- **Data segment**:
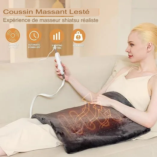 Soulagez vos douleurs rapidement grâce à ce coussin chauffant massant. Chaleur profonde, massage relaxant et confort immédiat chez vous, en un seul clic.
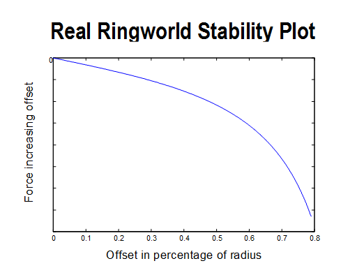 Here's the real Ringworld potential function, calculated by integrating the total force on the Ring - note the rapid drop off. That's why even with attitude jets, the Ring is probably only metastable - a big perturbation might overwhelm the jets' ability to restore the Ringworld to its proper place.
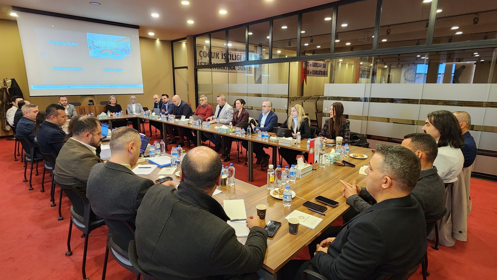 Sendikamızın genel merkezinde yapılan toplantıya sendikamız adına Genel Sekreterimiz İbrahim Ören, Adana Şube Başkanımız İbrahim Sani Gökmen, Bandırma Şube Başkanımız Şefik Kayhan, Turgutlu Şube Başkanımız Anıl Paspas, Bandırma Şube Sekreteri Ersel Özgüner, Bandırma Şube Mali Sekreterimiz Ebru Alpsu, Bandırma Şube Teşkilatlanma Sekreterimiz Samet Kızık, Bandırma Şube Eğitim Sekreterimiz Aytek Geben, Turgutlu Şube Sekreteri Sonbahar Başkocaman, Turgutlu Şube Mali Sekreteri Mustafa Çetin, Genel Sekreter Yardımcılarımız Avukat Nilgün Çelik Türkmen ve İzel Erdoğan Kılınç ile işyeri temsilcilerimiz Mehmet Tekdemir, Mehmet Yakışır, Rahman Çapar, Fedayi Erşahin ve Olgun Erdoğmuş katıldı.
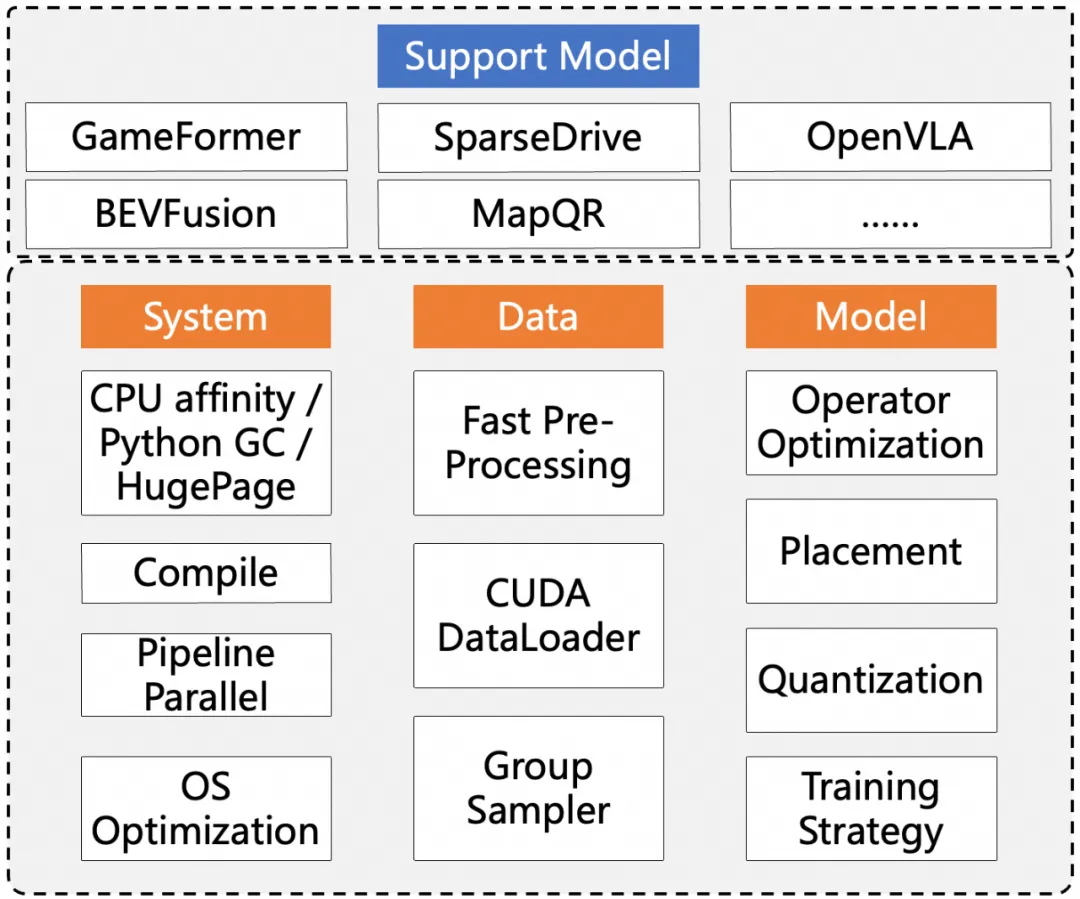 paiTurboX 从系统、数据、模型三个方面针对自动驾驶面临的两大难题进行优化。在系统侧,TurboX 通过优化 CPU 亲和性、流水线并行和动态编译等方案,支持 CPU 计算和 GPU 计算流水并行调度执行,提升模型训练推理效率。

- **Problem to solve**: Return the whole of the material above exactly, with no picture carried over.

- **Solution to this exercise**:
 Soulagez vos douleurs rapidement grâce à ce coussin chauffant massant. Chaleur profonde, massage relaxant et confort immédiat chez vous, en un seul clic.
 Here's the real Ringworld potential function, calculated by integrating the total force on the Ring - note the rapid drop off. That's why even with attitude jets, the Ring is probably only metastable - a big perturbation might overwhelm the jets' ability to restore the Ringworld to its proper place.
 Sendikamızın genel merkezinde yapılan toplantıya sendikamız adına Genel Sekreterimiz İbrahim Ören, Adana Şube Başkanımız İbrahim Sani Gökmen, Bandırma Şube Başkanımız Şefik Kayhan, Turgutlu Şube Başkanımız Anıl Paspas, Bandırma Şube Sekreteri Ersel Özgüner, Bandırma Şube Mali Sekreterimiz Ebru Alpsu, Bandırma Şube Teşkilatlanma Sekreterimiz Samet Kızık, Bandırma Şube Eğitim Sekreterimiz Aytek Geben, Turgutlu Şube Sekreteri Sonbahar Başkocaman, Turgutlu Şube Mali Sekreteri Mustafa Çetin, Genel Sekreter Yardımcılarımız Avukat Nilgün Çelik Türkmen ve İzel Erdoğan Kılınç ile işyeri temsilcilerimiz Mehmet Tekdemir, Mehmet Yakışır, Rahman Çapar, Fedayi Erşahin ve Olgun Erdoğmuş katıldı.
 paiTurboX 从系统、数据、模型三个方面针对自动驾驶面临的两大难题进行优化。在系统侧,TurboX 通过优化 CPU 亲和性、流水线并行和动态编译等方案,支持 CPU 计算和 GPU 计算流水并行调度执行,提升模型训练推理效率。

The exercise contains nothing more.